Here, click on “Create a new file” like the screenshot below.

Name the file “requirements.txt” and add 3 Python libraries, as shown in the following screenshot (transformers, torch, gradio,
transformer Here the model is loaded and deals with tokenization. torch The model runs because it provides the neural network engine. Gradio creates a simple web interface so users can chat with models.


, Step 4: Run and test your deployed model
When you see the green light “Running”, it means you’re done.

Let’s test it now.
You can test it by first clicking on the app here.

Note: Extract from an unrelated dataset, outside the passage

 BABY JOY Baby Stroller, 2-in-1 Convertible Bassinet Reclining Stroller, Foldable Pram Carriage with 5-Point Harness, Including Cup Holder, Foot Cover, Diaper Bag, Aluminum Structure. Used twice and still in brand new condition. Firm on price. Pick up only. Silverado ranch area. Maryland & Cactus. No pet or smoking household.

Let’s use this to write a Python script that detects outliers comma separated values (CSV) file using z-score and interquartile range (IQR).
Here are the test results;


, Understanding the deployment you just created
The result is that you are now able to spin up 1B+ parameter language models and never need to touch a terminal, set up a server, or spend a dollar. Hugging Face takes care of hosting, compute, and scaling (to an extent). Paid tier available for more traffic. But for experimental purposes, this is ideal.
Best way to learn? Deploy first, optimize later.
, Where to go next: Improve and extend your model
You now have a working chatbot. But TinyLama is just the beginning. If you need better responses, try upgrading to a Phi-2 or Mistral 7B using the same process. just change the model name app.py And add a little more computing power.
For faster responses, look into quantization. You can also connect your model to a database, add memory to the conversation, or fine-tune it to your data, so the only limit is your imagination.
Nate Rosidi Is a data scientist and is into product strategy. He is also an adjunct professor teaching analytics, and is the founder of StratScratch, a platform that helps data scientists prepare for their interviews with real interview questions from top companies. Nate writes on the latest trends in the career market, gives interview advice, shares data science projects, and covers everything SQL.